§ Exercise material
== == ==

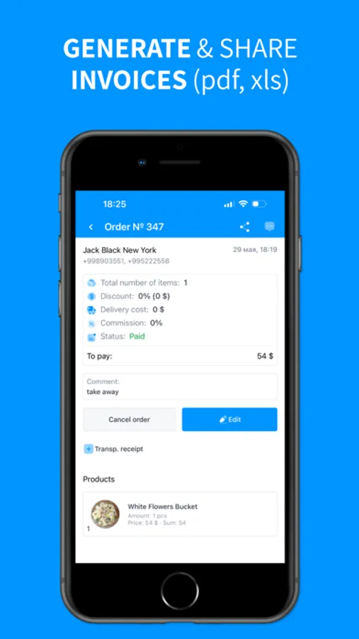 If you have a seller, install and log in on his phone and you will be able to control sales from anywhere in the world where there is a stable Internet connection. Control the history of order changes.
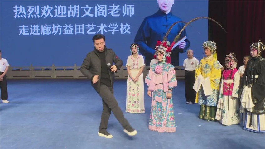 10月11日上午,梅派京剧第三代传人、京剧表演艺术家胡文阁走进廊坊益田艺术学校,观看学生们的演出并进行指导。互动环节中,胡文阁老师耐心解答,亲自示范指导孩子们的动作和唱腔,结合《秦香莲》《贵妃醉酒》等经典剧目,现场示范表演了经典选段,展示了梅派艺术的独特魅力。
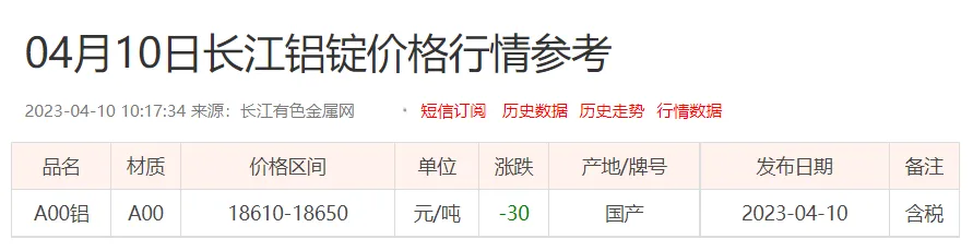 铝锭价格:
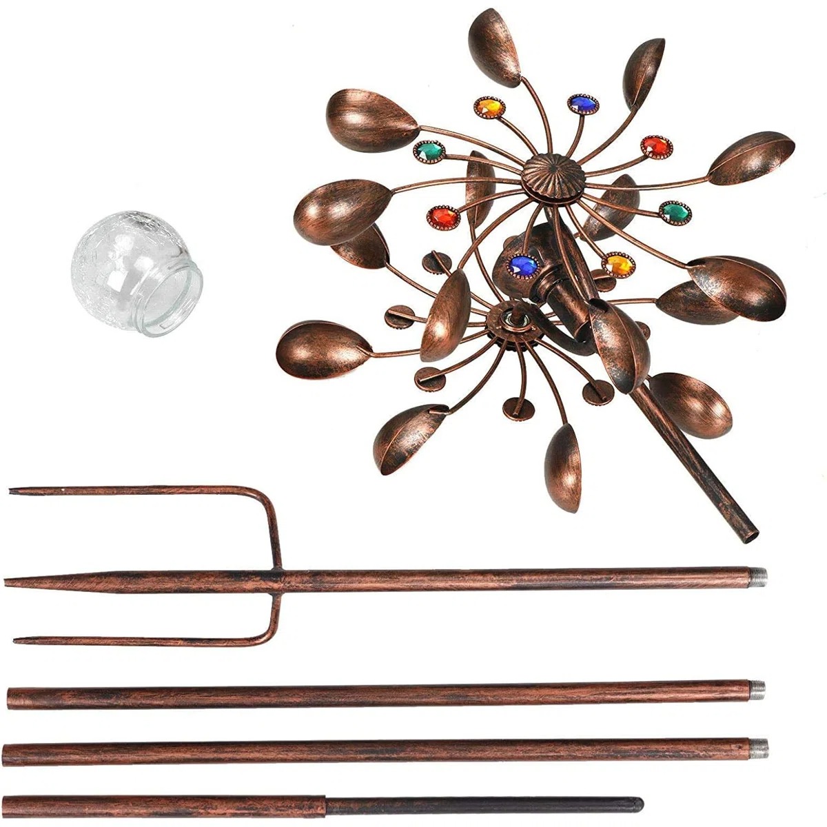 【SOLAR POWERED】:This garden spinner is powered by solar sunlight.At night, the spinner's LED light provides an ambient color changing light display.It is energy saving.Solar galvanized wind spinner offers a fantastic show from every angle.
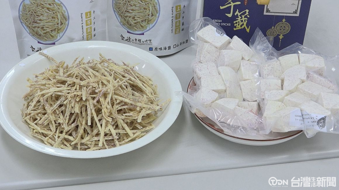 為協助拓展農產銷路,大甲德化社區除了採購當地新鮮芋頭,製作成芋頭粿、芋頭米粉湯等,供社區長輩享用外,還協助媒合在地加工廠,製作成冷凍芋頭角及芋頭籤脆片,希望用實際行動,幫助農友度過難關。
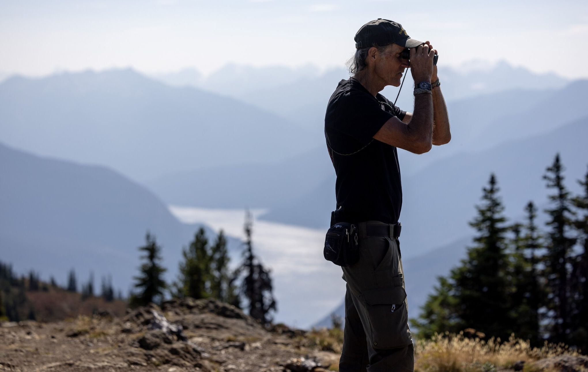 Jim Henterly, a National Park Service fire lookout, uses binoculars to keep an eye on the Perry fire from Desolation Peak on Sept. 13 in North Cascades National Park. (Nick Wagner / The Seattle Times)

== == ==

§ Aim of the task
Transcribe the records above exactly as they appear, leaving out any pictures.

§ Response
 If you have a seller, install and log in on his phone and you will be able to control sales from anywhere in the world where there is a stable Internet connection. Control the history of order changes.
 10月11日上午,梅派京剧第三代传人、京剧表演艺术家胡文阁走进廊坊益田艺术学校,观看学生们的演出并进行指导。互动环节中,胡文阁老师耐心解答,亲自示范指导孩子们的动作和唱腔,结合《秦香莲》《贵妃醉酒》等经典剧目,现场示范表演了经典选段,展示了梅派艺术的独特魅力。
 铝锭价格:
 【SOLAR POWERED】:This garden spinner is powered by solar sunlight.At night, the spinner's LED light provides an ambient color changing light display.It is energy saving.Solar galvanized wind spinner offers a fantastic show from every angle.
 為協助拓展農產銷路,大甲德化社區除了採購當地新鮮芋頭,製作成芋頭粿、芋頭米粉湯等,供社區長輩享用外,還協助媒合在地加工廠,製作成冷凍芋頭角及芋頭籤脆片,希望用實際行動,幫助農友度過難關。
 Jim Henterly, a National Park Service fire lookout, uses binoculars to keep an eye on the Perry fire from Desolation Peak on Sept. 13 in North Cascades National Park. (Nick Wagner / The Seattle Times)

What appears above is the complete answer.